How Many Questions to Pass GED?

There is no fixed number of correct answers required to pass the GED, because the exam uses scaled scoring, not raw question counts. The GED consists of four subjects, each with a different number of questions and time limits. To pass the GED, you must earn a minimum scaled score of 145 out of 200 on each subject—not a set number of correct responses.

Here’s the breakdown by subject:

  • Reasoning Through Language Arts: ~46 questions + 1 essay (150 minutes)
  • Mathematical Reasoning: ~45–49 questions (115 minutes)
  • Science: ~34–40 questions (90 minutes)
  • Social Studies: ~34–40 questions (70 minutes)

Because the GED uses computer-adaptive and item-weighted scoring, not all questions are worth the same points. Some complex tasks (like the Language Arts extended response) carry more weight than multiple-choice items. Therefore, you cannot calculate passing by counting right answers.

ETS and GED Testing Service convert your raw performance into a scaled score (100–200) using a confidential algorithm. Generally, scoring about 60–65% correct across items is needed to reach the 145 passing threshold—but this is only an estimate.

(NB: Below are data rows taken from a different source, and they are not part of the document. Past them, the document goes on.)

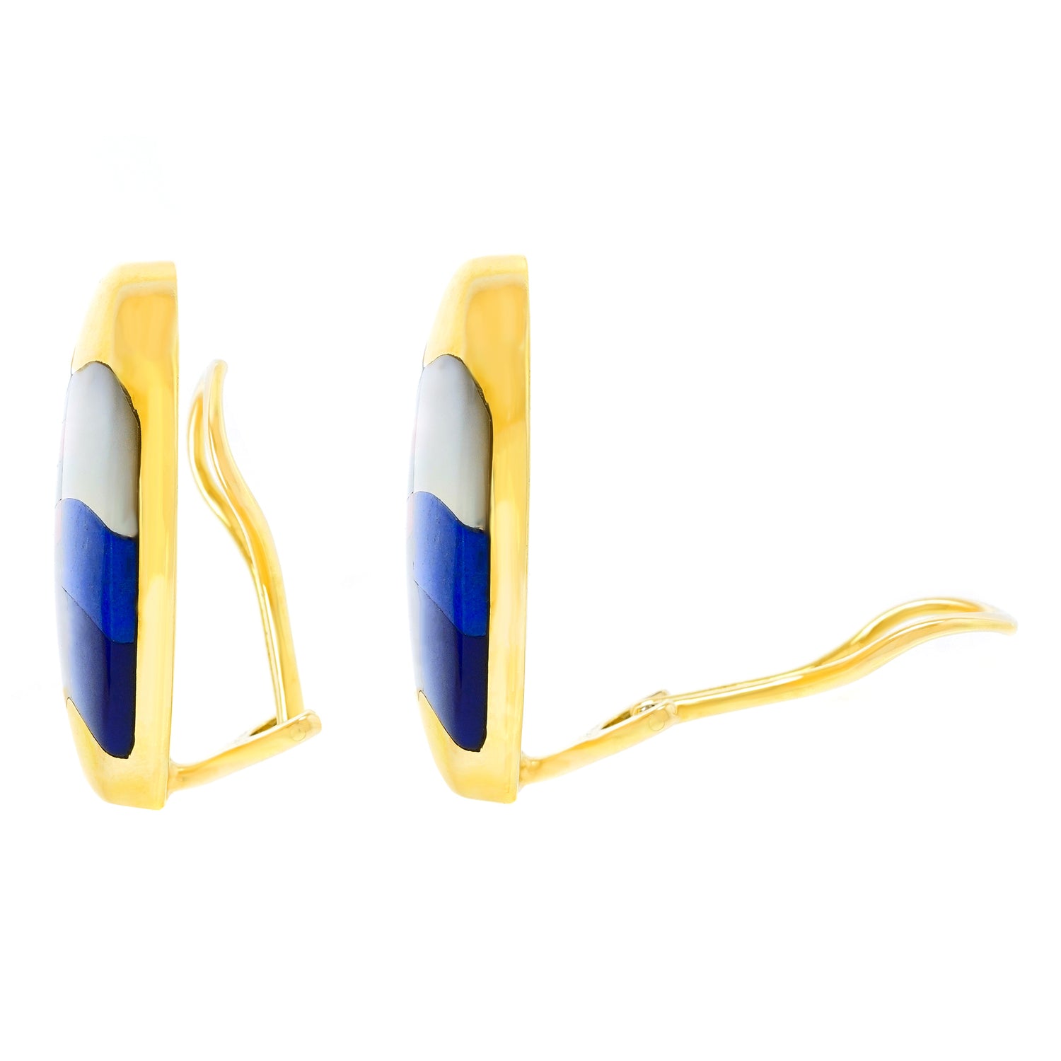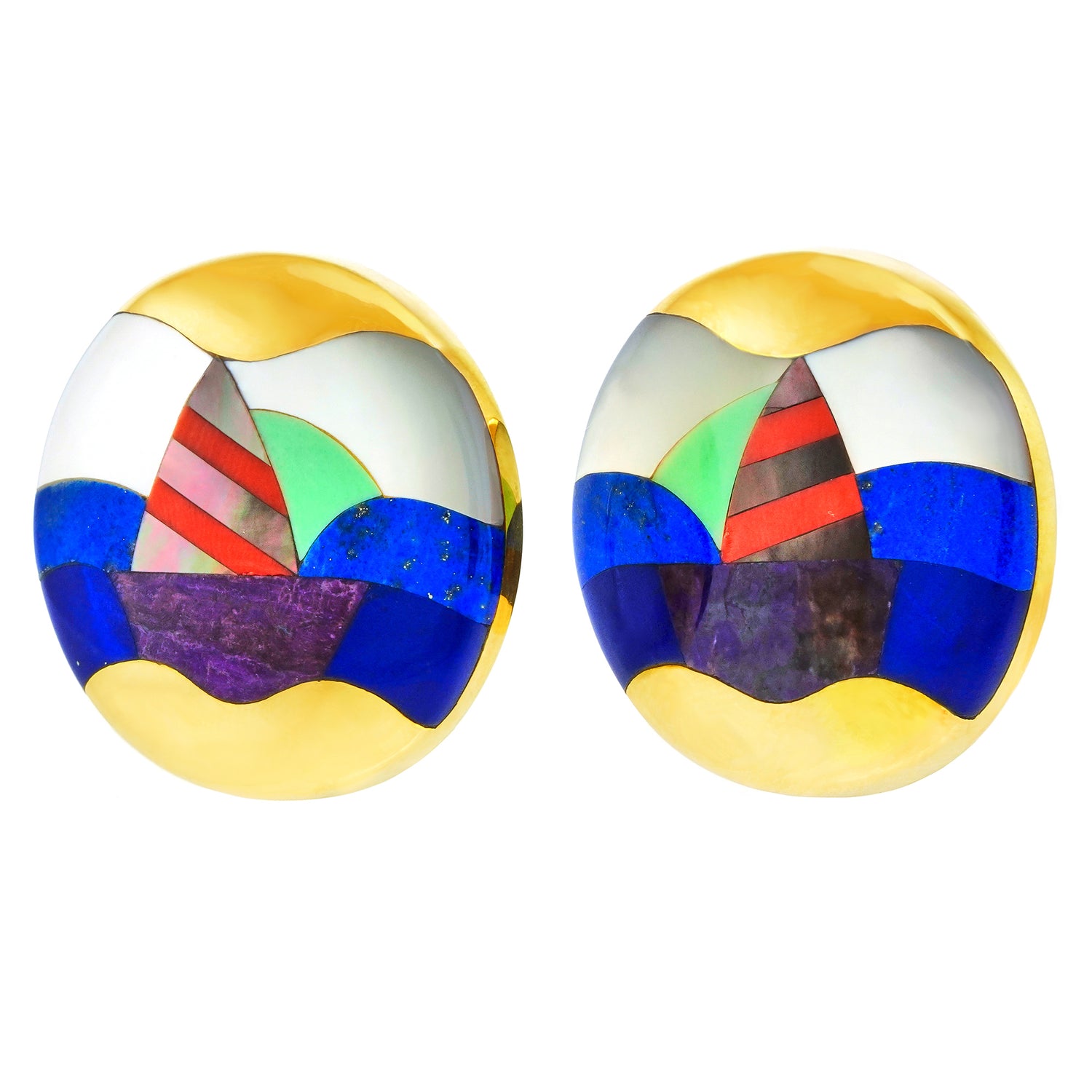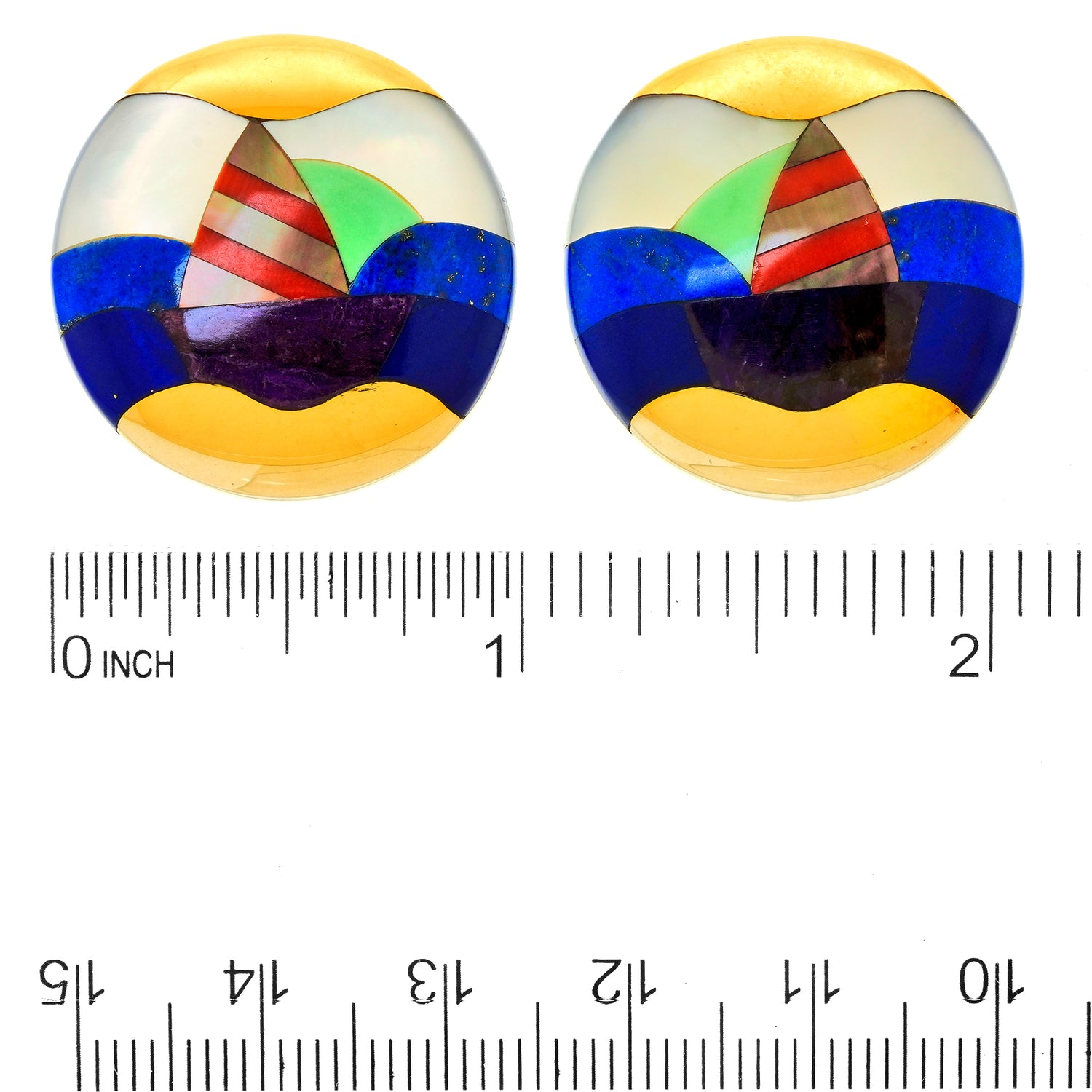 Circa 1990s, 18k, by Asch Grossbardt, American. These incredibly chic Asch Grossbardt earrings feature a surreal intarsio-set stone sailboat motif. Their graphic narrative and visual fluidity holds your gaze with a look that is splashy, colorful, and tailored! Exquisitely made in 14k yellow gold, these modern-art-to-go earrings are in excellent condition.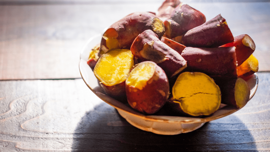 - Descasque e corte as batatas-doces em cubos, tempere com sal e azeite, leve ao forno
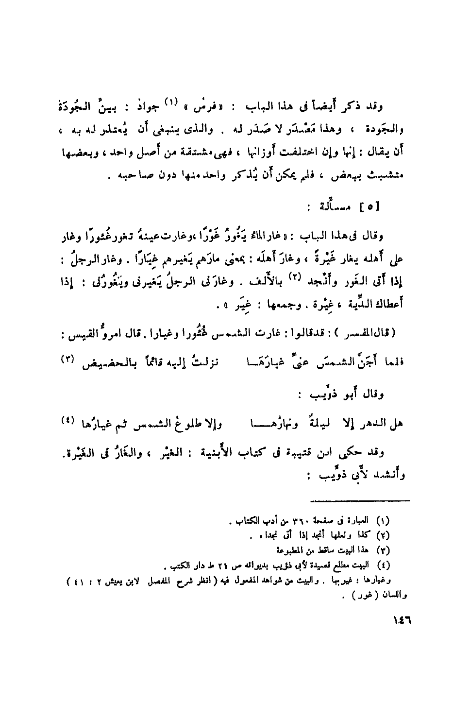 وقد ذكر أيضاً في هذا الباب: "فرس" جواد: بين الجودة والجودة، وهذا مصدر لا صدر له. والذي ينبغي أن يعتذر له به، أن يقال: إنها وإن اختلفت أوزانها، فهي مشتقة من أصل واحد، وبعضها متشبث ببعض، فلم يمكن أن يُذكر واحد منها دون صاحبه.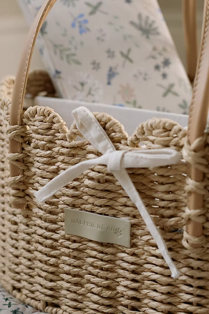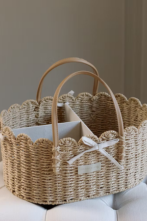 Lightweight yet sturdy, it’s perfect for moving from room to room or keeping beside your changing station. Finished with a sweet bow, it’s a thoughtful blend of style, structure, and everyday ease — ideal for new parents and modern homes.
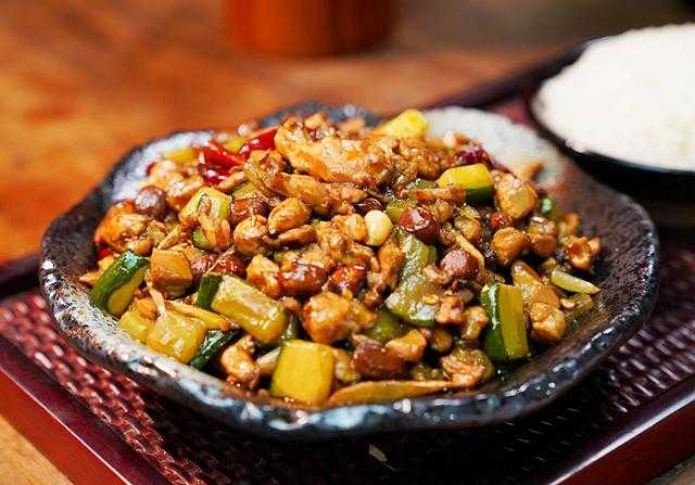 虽然宫保鸡丁这道菜在很多菜系里都有,但是这道菜最早就是起源于贵州菜里的胡辣子鸡丁,所以要追根求源的话,宫保鸡丁就是属于黔菜系。贵州的宫保鸡丁和其他菜系里的做法不同,所用的辣椒是贵州特有的糍粑辣椒,另外,由于贵州人喜欢吃酸,所以贵州宫保鸡丁里又多了一味酸味,吃起来酸辣下饭。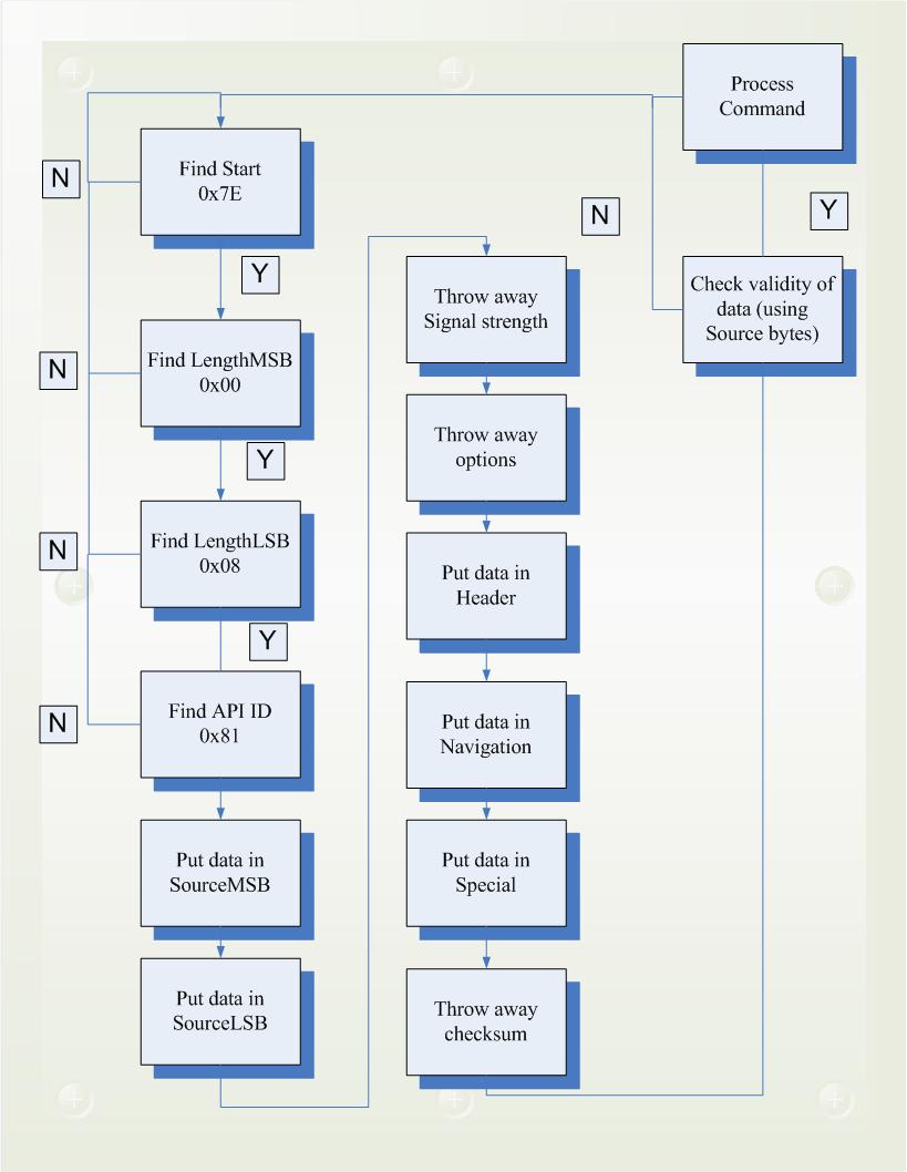 Byte 1 10. ME218 Byte 2 11. Checksum § checksum = 0xFF – Σdataframe Checksum: Not including frame delimiters and length, add up all bytes keeping only the lowest 8 bits of the result and subtract from 0xFF. The validity of incoming packets was determined by checking the first four bytes of the packet. If the first four bytes matched their expected values, then the packet was determined "valid" and processed. A state machine outlining this process may be found by clicking the thumbnail below: ![]() |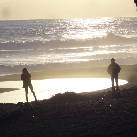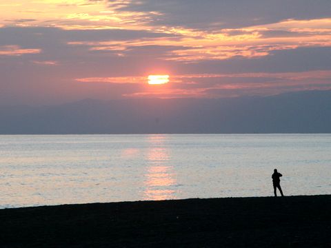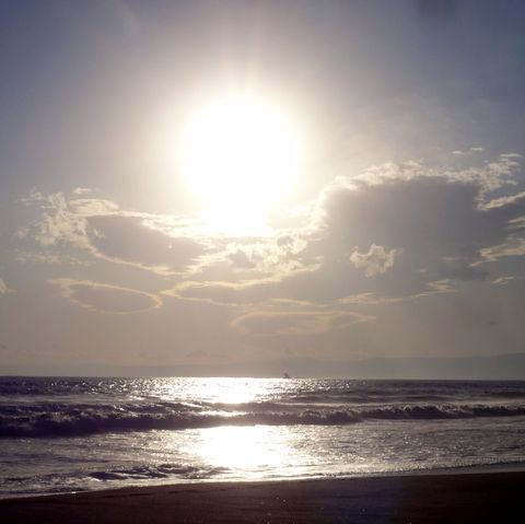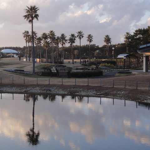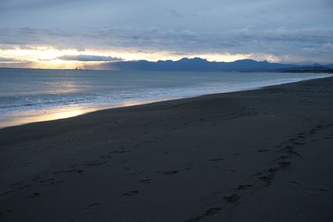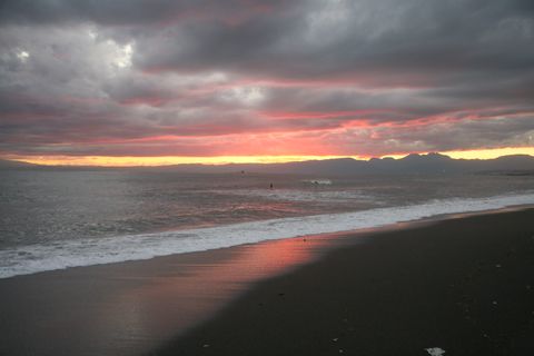 夕刻から雨模様ということで早めの散歩に。雲が低く垂れこめ富士山はまったく見えず。サーファーもいない。 |

What Matters Is the Scaled Score

To pass the GED, focus on achieving 145+ per subject, not a question count. You can miss 30–40% of questions and still pass, depending on which items you get right. The system prioritizes skill mastery over perfection.

Use the official GED Ready practice test ($6 per subject). It gives a scaled score prediction. If you score 150 or higher on practice, you’re likely ready to pass the official exam.

Remember: you must pass all four subjects to earn your credential. You can take them one at a time, on separate days.

Don’t aim for a specific number of correct answers—aim for consistent understanding across core topics.

Your goal is a scaled score of 145+, not a headcount of right responses.